Изгиб дорожки – путь домой - Иэн Пэнман
Шрифт:
Интервал:
Закладка:
В 1981 году Стэнли Крауч начал брать интервью у людей, которые знали Паркера и играли с ним вместе; прошло 32 года (а Крауч успел получить стипендию Макартура «для гениев»), и вот «Молния из Канзас-Сити» представляет собой плод всех его исследований, произросших на почве одержимости Паркером. Ну или почти всех, ведь оказалось, что это только первая половина долгожданного труда Крауча: к концу 334 страниц Паркеру только исполняется 21 год, а вся самая знаменитая музыка и более скандально известные события из жизни Птицы остаются еще впереди. Крауч обстоятельно набирает обороты, а потом – пустота. В середине премьерного исполнения новой, дерзкой полифонической сюиты бэнд-лидер опускает руки, прерывает номер и уходит за кулисы. Крауч всегда был эксцентричен, но его решение оборвать историю таким образом кажется исключительно странным – тем более что короткая, огненно-яркая жизнь Паркера, кажется, развивалась по одной, цельной сюжетной линии. (Кто знает, что за психологические торги и/или непреклонная издательская политика стояли за этим решением, но теперь похоже, что Крауч проведет за написанием этой биографии больше времени, чем сам Паркер провел на земле.) Кроме того, одолев где-то две трети пути, я немного забуксовал: натолкнулся на стену и никак не мог толком снова влиться в размашистый, тяжеловесный темп Крауча. Небольшими порциями Крауч завораживает; но, если есть эту закуску целый вечер, текст начинает казаться жирноватым, густоватым, переваренным в порыве самоупоения. Это подтверждает предыдущее впечатление, что Крауч лучше всего проявляет себя на арене коротких жанров вроде эссе и полемики.

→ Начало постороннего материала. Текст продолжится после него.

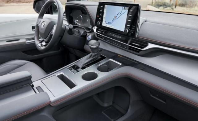 内饰设计采用了简约的风格,延续现有丰田的设计语言,并且增加了许多实用性的设计,中控台能触及的地方基本上都被软质材料所曝光,而且造型也比较大气,采用了悬浮式的屏幕以及液晶仪表。中控台下方为口空设计,扶手箱巨大且长度夸张,不仅满足了前排乘客的需求还照顾了后排乘客,总体来说储物能力很高。

Когда в 1988 году вышел байопик Клинта Иствуда «Птица», Крауч написал эссе «Страна птиц: Клинт Иствуд, Чарли Паркер и Америка» («Birdland: Clint Eastwood, Charlie Parker and America»), в котором не просто раскритиковал тот или иной его аспект – это больше походило на попытку фильм аннулировать, лишить Иствуда (или любого другого белого режиссера) права снимать такое кино. (Я считаю этот текст в корне ошибочным, но в смысле риторики от него невозможно оторваться; сборник Крауча 2006 года «Размышления о гениальности» («Considering Genius: Writings on Jazz»), содержащий эссеистические трибьюты Майлзу Дэвису, Чарльзу Мингусу, Дюку Эллингтону и другим, обязателен к прочтению.) Многие считают Крауча кем-то вроде джазового Кристофера Хитченса: бывшим знатоком фри-джаза, который обрюзг и со временем сделался все более и более непреклонно консервативным. Строгим папашей с розгами в руках, который отвергает целые пласты нового материала, но держится при этом за уже испытанных персонажей, таких как трубач Уинтон Марсалис. (Я не настолько эксперт, чтобы судить кого-то вроде Марсалиса, как может это делать Крауч с его глубоким внутренним пониманием джазовой истории, теории и техники, но я интуитивно сбит с толку: даже в своих лучших проявлениях Марсалис производит впечатление образцового, но совершенно безжизненного симулякра или музейного экспоната.) Крауч хочет объяснить, откуда пришел Паркер, чтобы обосновать, куда впоследствии ушел джаз: это его способ подчеркнуть свое собственное (кто-то скажет – опасно ностальгическое) видение того, чем джаз всегда был и всегда должен оставаться. Через Паркера он может прославлять величие и целостность определенных негритянских культурных традиций, и прежде всего экстрасенсорного ритуала оркестровой джазовой импровизации в рамках заданного музыкального номера. И надо сказать, первая половина «Молнии из Канзас-Сити» – это настоящий восторг и откровение: в разделах, посвященных бэнд-лидерам, субботним вечеринкам, еде, одежде, соблазнениям, спорам, проза Крауча просто искрится. Он очень убедительно раскладывает эпоху по полочкам; единственная проблема заключается в том, что Крауч гораздо больше рассказывает в целом об атмосфере этого великого довоенного периода, чем непосредственно о «взлете» Паркера. Вы озираетесь в поисках Птицы, а его там нет. И только в самом дальнем углу выстроенного Краучем кадра можно заметить, как мелькнула и растворилась чья-то тень.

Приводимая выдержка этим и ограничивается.